The two best things you can do for your credit score

1.    Make all – and we mean ALL – payments on time

Payment history is the single biggest contributor to your score. So it stands to reason that focusing on this will have a big impact on your score.

How many late payments are okay? Zero. And they linger in your credit file for seven years. Nonetheless, you can overcome the damage before those seven long years pass. The effect of late payments on your credit score diminishes over time. To get results, aim for 100% on-time for 24 months.

2.    Lower your balances

The second biggest thing to affect your score is debt utilization. This is the amount you owe compared with your credit limits, expressed as a percentage.
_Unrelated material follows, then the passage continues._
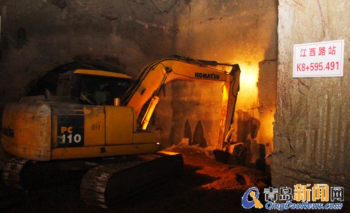 據中鐵十九局青島地鐵一期工程(3號線)土建05標項目總工程師樊延祥介紹,目前江西路車站施工豎井、橫通道開挖、支護施工已全部完成,江寧區間自2011年6月22日開工以來,江寧區間施工豎井及橫通道開挖、支護施工已完成。通俗來說,江寧區間開挖分兩條線,這左右線就是未來地鐵的進站“車道”和出站“車道”。目前左線開挖支護完成330米,右線開挖支護完成356.25米。

If you owe $500 on a credit card with a $1,000 limit, your utilization is 50%. Credit scoring agencies look at your utilization on each card as well as your overall utilization. This is a fast fix; bringing your balances down will have an immediate effect on your score. How much of an effect? The numbers are relative. Fifty percent utilization is better than 80%, and 30% is better than 50%. People with credit scores over 800 tend to use no more than about 7% of their available credit. Get it as low as you can.

Here’s a tip: if you can’t get your balances down right away, try asking the creditors to raise your credit limits. That will make your utilization ratio go down (as long as your balances don’t go up).
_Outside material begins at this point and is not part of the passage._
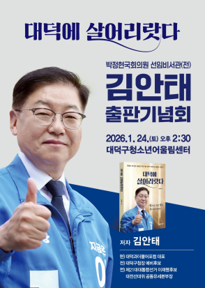 대덕구청장 선거를 준비하고 있는 김안태 전 박정현의원 선임비서관도 24일 오후 2시 30분 대덕구청소년어울림센터에서 '대덕에 살어리랏다' 출판기념회를 개최한다.
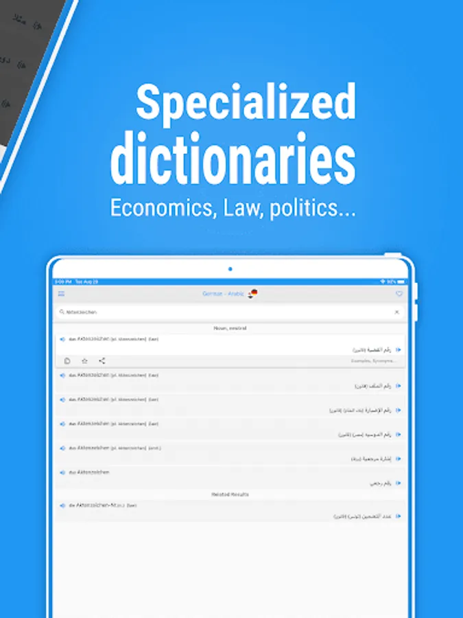 Get quick and reliable translations - with 6 arabdict Dictionaries and text translation for 6 languages.

Here’s another tip: credit card balances are reported once per month, usually on the statement closing date. Even if you pay off the balance by the payment due date, your utilization is probably NOT zero! To ensure zero balance reporting, find out what date the balance is reported and make your payment before that date.
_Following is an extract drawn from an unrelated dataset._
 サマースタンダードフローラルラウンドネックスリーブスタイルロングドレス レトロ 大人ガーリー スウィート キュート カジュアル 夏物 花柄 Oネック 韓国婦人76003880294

No-effort credit score boosts

Although the other factors in your credit score don’t pack as much punch as on-time payments and low balances, they do add up. Here are two easy strategies to help your score stay as high as it can be. The best thing about them is that all you have to do is… nothing!

  • Leave accounts open
    • Consumers with top credit scores tend to have an average account age of 20 years or more. So don’t close accounts unless it makes better financial sense to do so (for example, if a credit card has an annual fee that you no longer want to pay). Leave accounts open, but watch out for penalties related to inactivity. Some creditors automatically close accounts that are dormant and some business credit card issuers even charge an inactivity fee. Use the card for a small purchase every couple of months to steer clear of penalties.
  • Don’t apply for credit
    • Most hard inquiries cause a ding to your credit score, so don’t apply for credit unless you absolutely need to. If you do have to apply for credit, do plenty of homework first. For a credit card, research the options and only apply for the card you’re likely to be approved for. For mortgages, auto loans and student loans, watch the calendar. You can rate-shop within a certain time frame (14 to 45 days, depending on the loan type and the scoring model) and all inquiries from the same class of creditor will be counted as a single inquiry.

Keep it simple!

Don’t get bogged down in the minutia of credit scoring or try to game the system. (For example, don’t apply for a personal loan just to improve your credit mix unless you truly have a handle on household debt!) Just focus on paying down your debt and paying bills on time.

Tackle the obvious, too. If you have unpaid collection accounts, pay them off. The newest version of FICO ignores paid collections, but outstanding collections really hurt. Also, if something looks wrong on your credit file, have the creditor verify the information. If it’s incorrect, the credit reporting agencies are obligated to remove it.

The bottom line

We can’t give you a silver bullet that will quickly and effortlessly propel your credit score upward. But the good news is that credit score hacks are available to us all. If you follow these guidelines, you could see significant improvement in as little as six months, and certainly within 12-24 months. Your score may need more time to recover if you have a significant derogatory event in your file, like a bankruptcy. Time is on your side. To a large extent, credit improvement is a waiting game. All negative items diminish in importance over time, and eventually age off your report completely.